Shopery raised $1.47M from GoHub Open Innovation and other undisclosed investors. Shopery is throwing their hat in the marketplace tool ring alongside competitors like Magneto and Mirakl. While this space has many well-funded competitors, it seems there’s still a gap in the market big enough to make some noise.
It appears the competitive advantages Shopery intents to build are around data analytics and intelligence, and streamlined operations, eliminating much of the tedious, in-the-weeds work for marketplace operators. While still early, if Shopery can successfully execute on these competitive advantages, they could become attractive acquisition targets for the larger players. I doubt Shopery wins on pure marketshare, but they certainly could win on best-in-class analytics tools and streamlined marketplace operations capabilities.

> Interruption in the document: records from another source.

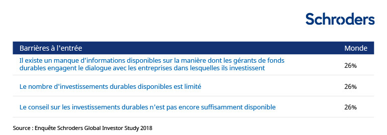 Lorsqu'on leur a demandé ce qui les empêche d'investir de façon durable, les trois réponses les plus fréquemment données ont été :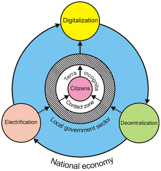 digitalization; energy transition; local government sector; virtuous cycle of digitalization; decentralization and electrification; more-than-human energy contact zone; human administrative legal contact zone; autoethnographic texts; transculturation; multiple correspondence analysis; principles of prosumption 1. Introduction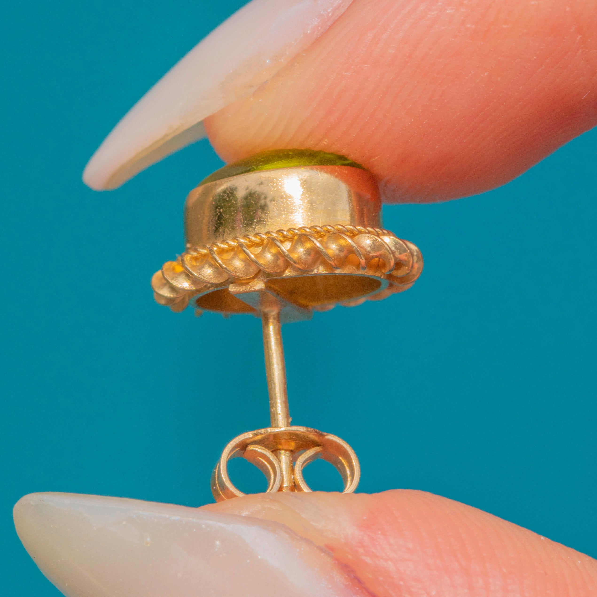 The fresh, lime green Peridot gems are set in a 9ct Gold bezel, bordered by twisted rope details, adding a striking finish. Perfect for all-day, everyday wear, these Gold stud earrings will provide your collection with a welcome pop of colour!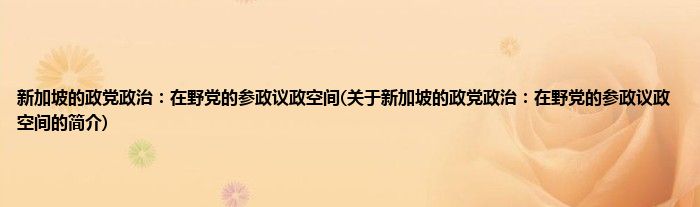 大家好,新加坡的政党政治:在野党的参政议政空间,关于新加坡的政党政治:在野党的参政议政空间的简介很多人还不知道,现在让我们一起来看看吧!

Baseball Weekly: Diamond Kinetics x Reboot Motion
…the ability to link body motion with bat and/or ball dynamics, in an affordable, widely accessible way, will be an industry breakthrough that will benefit all players at every level, and help give coaches and parents simple, understandable data and analysis
An exciting partnership announcement in the baseball world. As I understand it, Reboot Motion’s movement analysis technology is a leading biomechanics solution and they’re pioneering the biomechanics-as-a-service model. The partnership with Diamond Kinetics appears to be a major step forward for consumers and validation of both Reboot’s technology and business model — providing the underlying biomechanics technology for consumer applications which the masses would not have access to otherwise.
The new offering is certainly one I wish I had when I was playing. Mobile access to world class movement analysis and biomechanics technology would have made the hundreds of bullpen sessions at high school fields, indoor facilities, and my backyard much more productive. And it’s not a stretch to suggest this offering will revolutionize player development for both amateur and professional players — I imagine it’ll become table stakes for baseball coaches and programs across the country over time.
Art Weekly: Transfiguration
Universal Everything
Transfiguration (2020) is a reworking of the Universal Everything studio classic from 2011, The Transfiguration. The Transfiguration was first shown at the studio’s first major solo exhibition Super-Computer Romantics at La Gaite Lyrique, Paris. Now completely remade using the latest procedural visual effects software, the updated CGI artwork brings new life to the ever-evolving walking figure, with a new foley-based soundtrack by Simon Pyke.